The most dramatic example of an economic miracle in Latin America is Chile. With a population of 20M people, Chile is currently the biggest producer of copper in the world and one of the largest exporters of wine and agricultural products in the region. In order to feed the growing demand for pulp and wood products worldwide, another area in which Chile is investing heavily is forestry. With the growth of an industry besieged by risks given the sheer size of plantations and the nature of the trees involved, inventory and constant monitoring is a must.
Forest inventory is the systematic collection of data and forest information for assessment, analysis, and harvest planning. The inventory determines the precise location of timber, quantifying volume by species, product potential, size, and quality among other characteristics. An estimate of the product value is of great importance to forestry companies or government entities in charge of forest management.
Unmanned Aerial Vehicles (UAV's) are relatively new platforms that have been increasingly used for forestry applications. The advancements in technology render great benefits and the added value of flexibility, low cost, reliability, autonomy, and capabilities for the timely provision of high precision, high density and high-resolution data. High density LiDAR data acquired using UAV’s, known as Unmanned Laser Scanning (ULS), offers new opportunities for forest inventory.

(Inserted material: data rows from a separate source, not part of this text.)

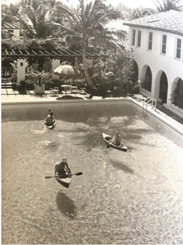
Archival photo of guests using kayaks in The Surf Club pool SURF CLUB
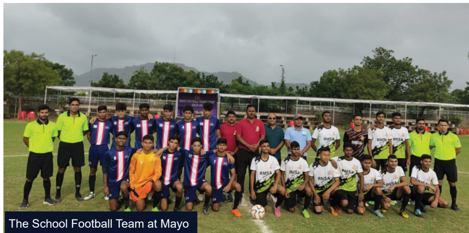
The School Football Team at Mayo
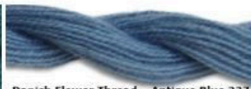
Danish Flower Thread - Antique Blue 227 Approximately DMC Thread Color - 794
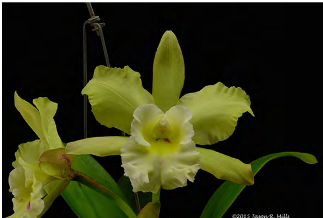
Rhyncholaeliocattleya Mystic Isles 'Justin' , HCC/AOS, 78 pts.
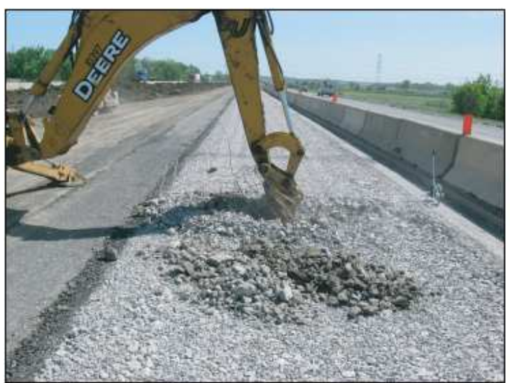
Jointed reinforced concrete pavement
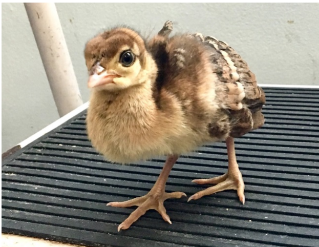
[Left] Peafowl chick

Range: They tend to roam in spring and summer until they have found a suitable home range. Then, they may remain resident in that area. Males will defend a territory in the breeding season. Single males may roam all year long.
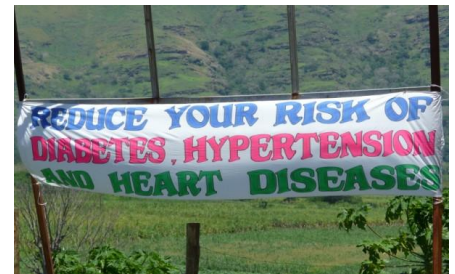
Sign outside Tavua Local Hospital, Western Division, Fiji

Unmanned Scanning (ULS) and Terrestrial Laser Scanning (TLS) are projected as the two most efficient capture technologies for forest inventory and is considered better than Airborne Laser Scanning (ALS) because of the level of density and data precision. Commonly with ALS, users can obtain point clouds with 4 to 20 points per square meter, while with ULS or TLS users can obtain between 200 and 3,000 points per square meter.
For more than two years, engineers from LiDAR Latinoamerica (LL)—a specialized company from Chile—have conducted research and development field surveys using LiDAR in more than fifty sites in Costa Rica, Peru and Chile, gathering data to learn how to detect and measure forest mass and individual trees attributes. These included areas from natural forests, but also from industrial plantations, Eucalyptus Globulus and Pinus Radiata.
Commercial UAV News had the opportunity to talk with Alejandro Chumaceiro, founder and CEO of LiDAR Latinoamerica, for a more detailed explanation of their technology and plans.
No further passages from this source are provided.